> [Your goal]:
The material below holds pictures; leave them out, and copy exactly, and only, the lines from the one with "11月13日,在北京市第四中" through the last.

> [Data]:

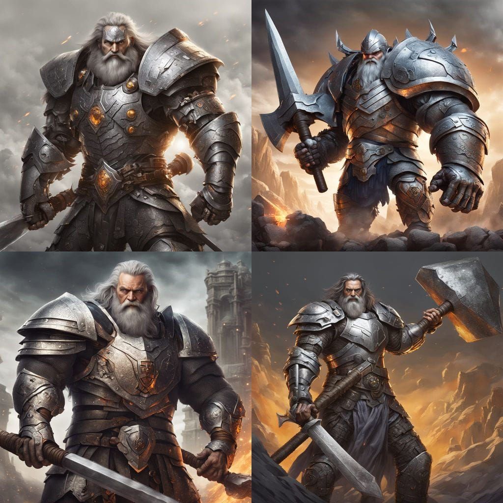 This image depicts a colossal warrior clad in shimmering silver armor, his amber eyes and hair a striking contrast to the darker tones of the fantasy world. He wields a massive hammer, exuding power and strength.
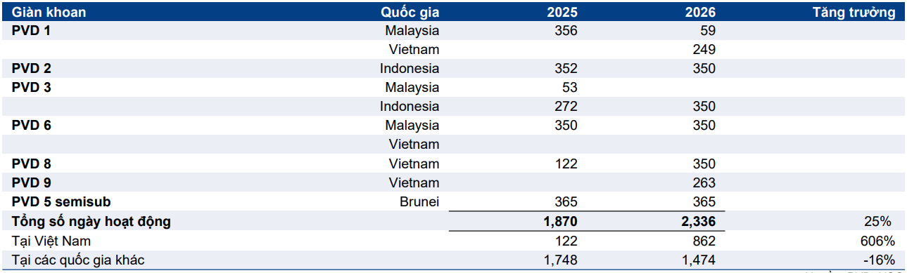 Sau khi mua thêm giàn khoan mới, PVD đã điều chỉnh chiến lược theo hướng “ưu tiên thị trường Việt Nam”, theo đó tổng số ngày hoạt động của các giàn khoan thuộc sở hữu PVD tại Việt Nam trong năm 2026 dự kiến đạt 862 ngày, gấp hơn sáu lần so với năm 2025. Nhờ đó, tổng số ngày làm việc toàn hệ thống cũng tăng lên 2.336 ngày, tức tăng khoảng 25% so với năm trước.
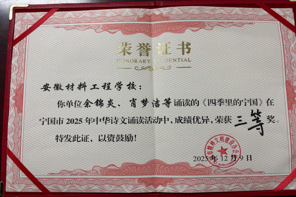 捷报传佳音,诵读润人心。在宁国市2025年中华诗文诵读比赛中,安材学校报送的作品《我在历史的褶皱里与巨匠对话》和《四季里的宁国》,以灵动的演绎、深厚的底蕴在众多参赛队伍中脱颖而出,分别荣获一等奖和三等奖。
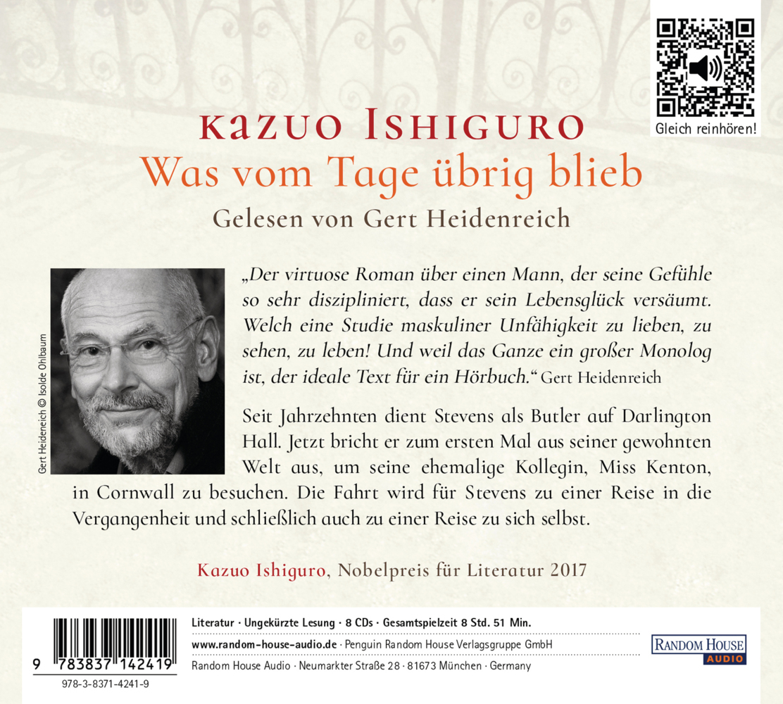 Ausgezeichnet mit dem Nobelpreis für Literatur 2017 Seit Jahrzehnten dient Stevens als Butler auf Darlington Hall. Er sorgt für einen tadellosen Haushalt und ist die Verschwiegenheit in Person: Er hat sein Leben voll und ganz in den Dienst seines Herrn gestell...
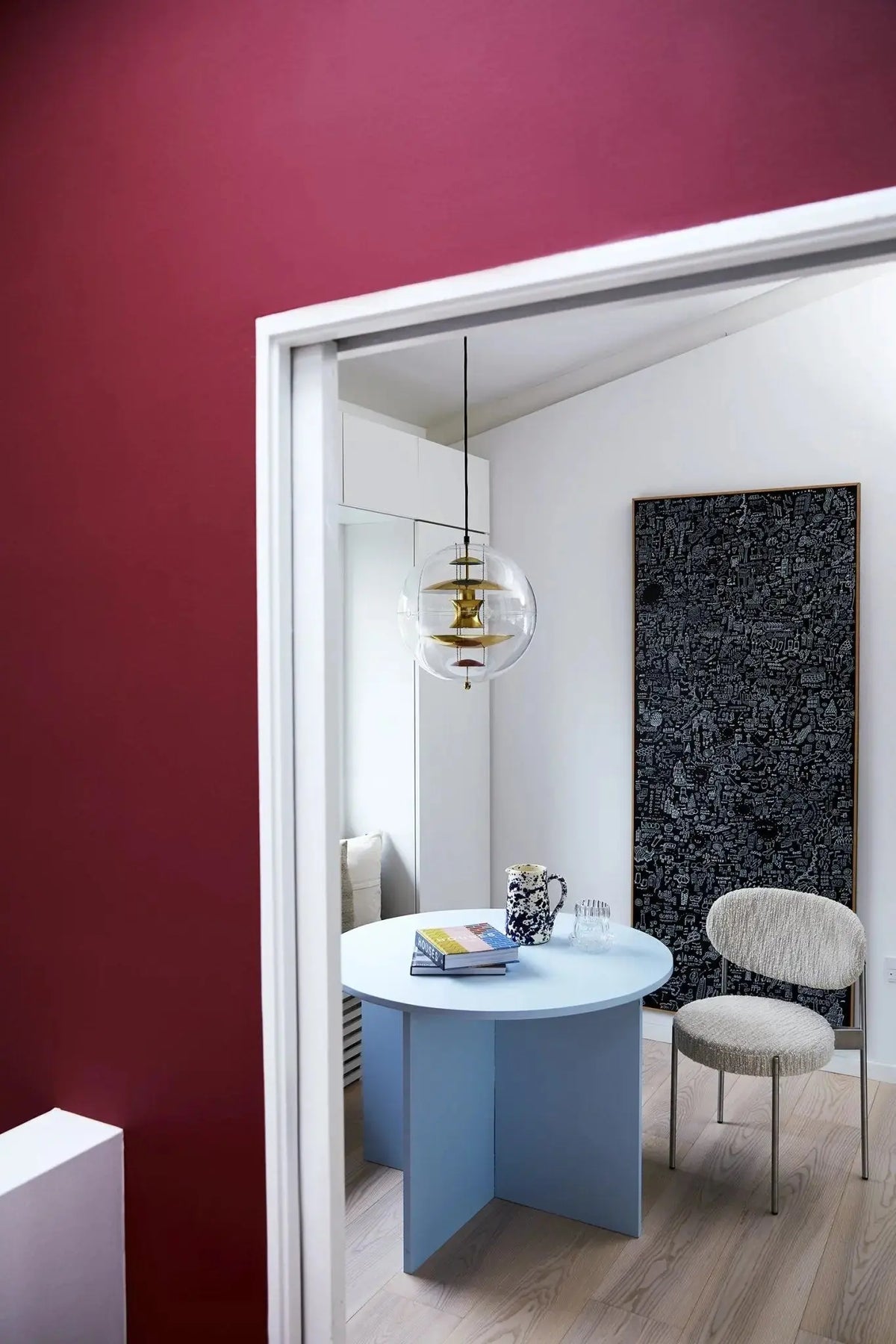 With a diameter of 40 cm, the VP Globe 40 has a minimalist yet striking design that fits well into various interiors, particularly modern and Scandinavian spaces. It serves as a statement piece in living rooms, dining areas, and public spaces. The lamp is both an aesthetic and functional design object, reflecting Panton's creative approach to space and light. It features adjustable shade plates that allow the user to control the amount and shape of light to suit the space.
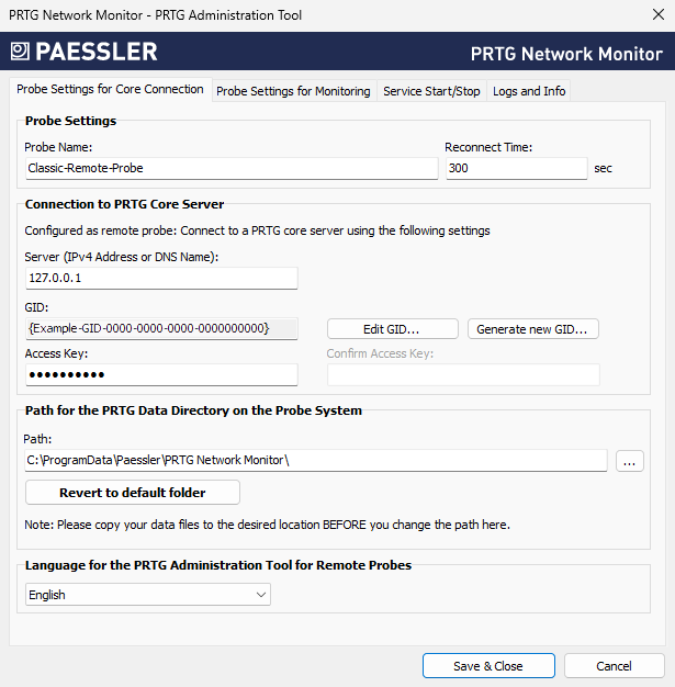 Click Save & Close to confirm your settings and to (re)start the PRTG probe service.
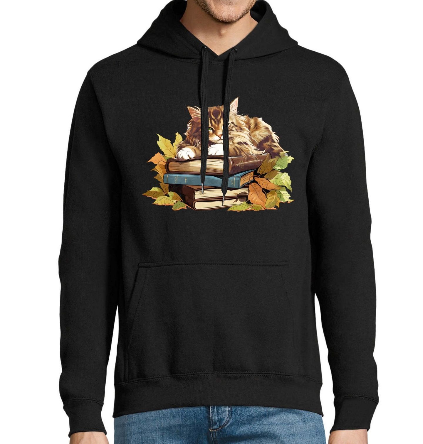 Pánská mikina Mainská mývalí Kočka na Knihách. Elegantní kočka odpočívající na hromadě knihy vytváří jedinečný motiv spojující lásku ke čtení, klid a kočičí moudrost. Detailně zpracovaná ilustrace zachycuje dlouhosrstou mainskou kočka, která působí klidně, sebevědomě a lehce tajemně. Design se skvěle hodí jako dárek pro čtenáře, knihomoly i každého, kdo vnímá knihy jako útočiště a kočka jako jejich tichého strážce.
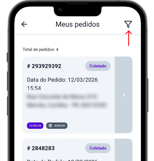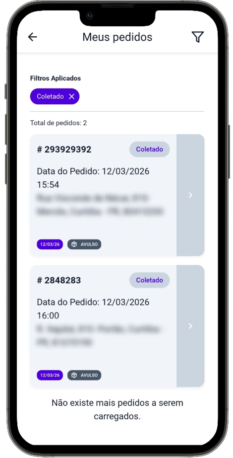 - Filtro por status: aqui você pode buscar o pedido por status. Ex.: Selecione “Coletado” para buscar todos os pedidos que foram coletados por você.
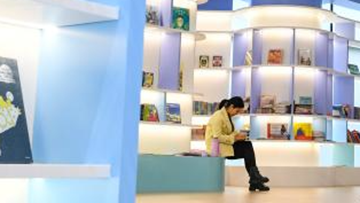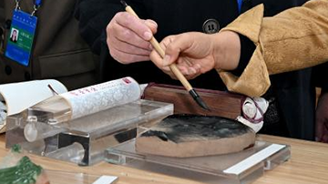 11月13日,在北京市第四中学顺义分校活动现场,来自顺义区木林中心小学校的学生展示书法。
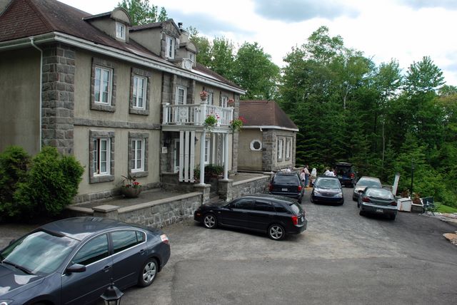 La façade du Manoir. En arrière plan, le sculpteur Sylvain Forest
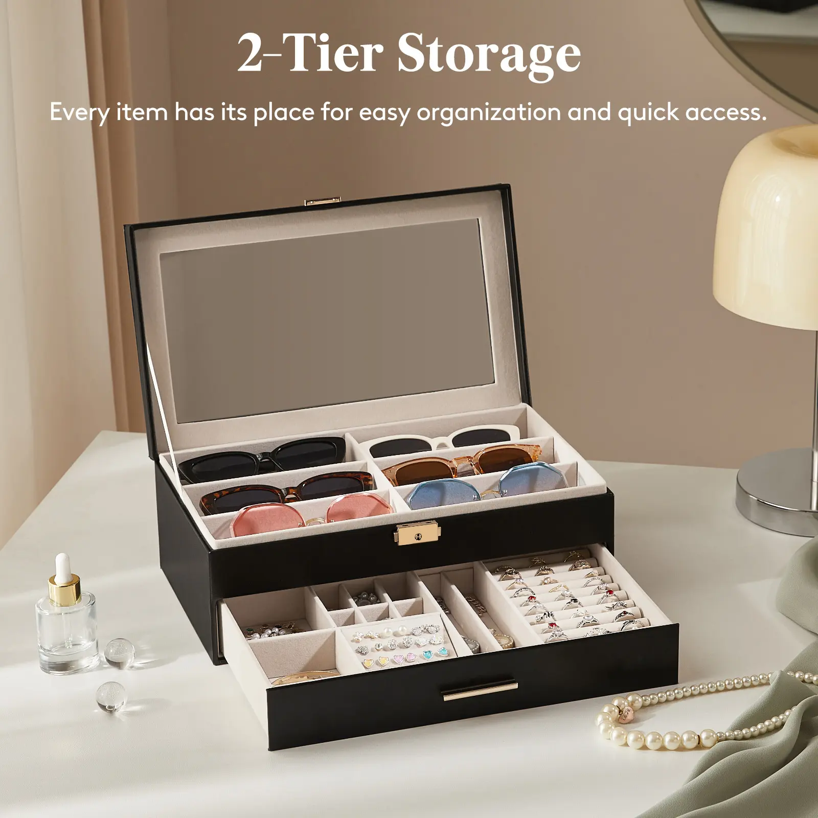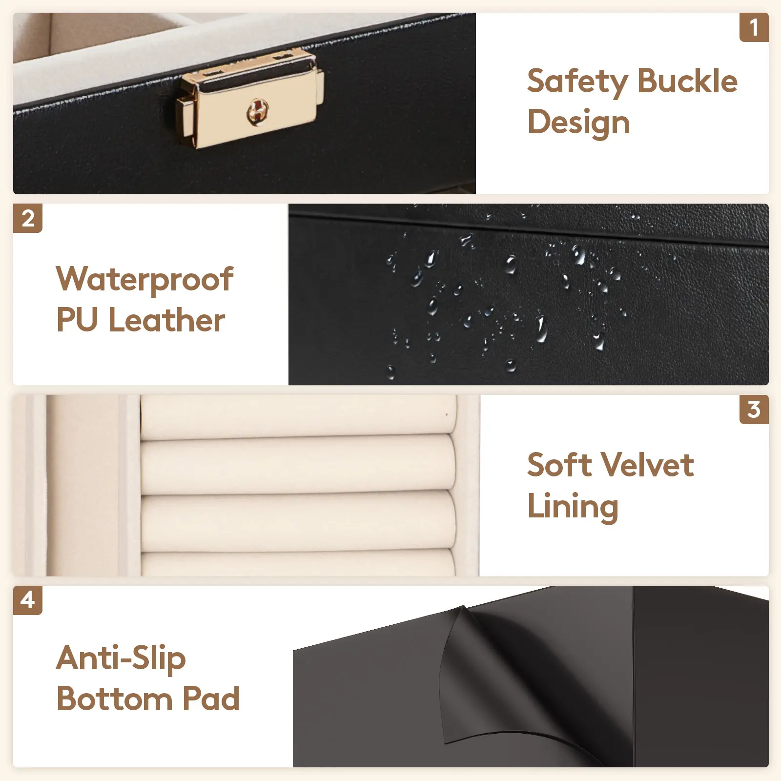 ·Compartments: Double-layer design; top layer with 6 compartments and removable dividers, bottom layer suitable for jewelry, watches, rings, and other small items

> [Answer space]:
 11月13日,在北京市第四中学顺义分校活动现场,来自顺义区木林中心小学校的学生展示书法。
 La façade du Manoir. En arrière plan, le sculpteur Sylvain Forest
 ·Compartments: Double-layer design; top layer with 6 compartments and removable dividers, bottom layer suitable for jewelry, watches, rings, and other small items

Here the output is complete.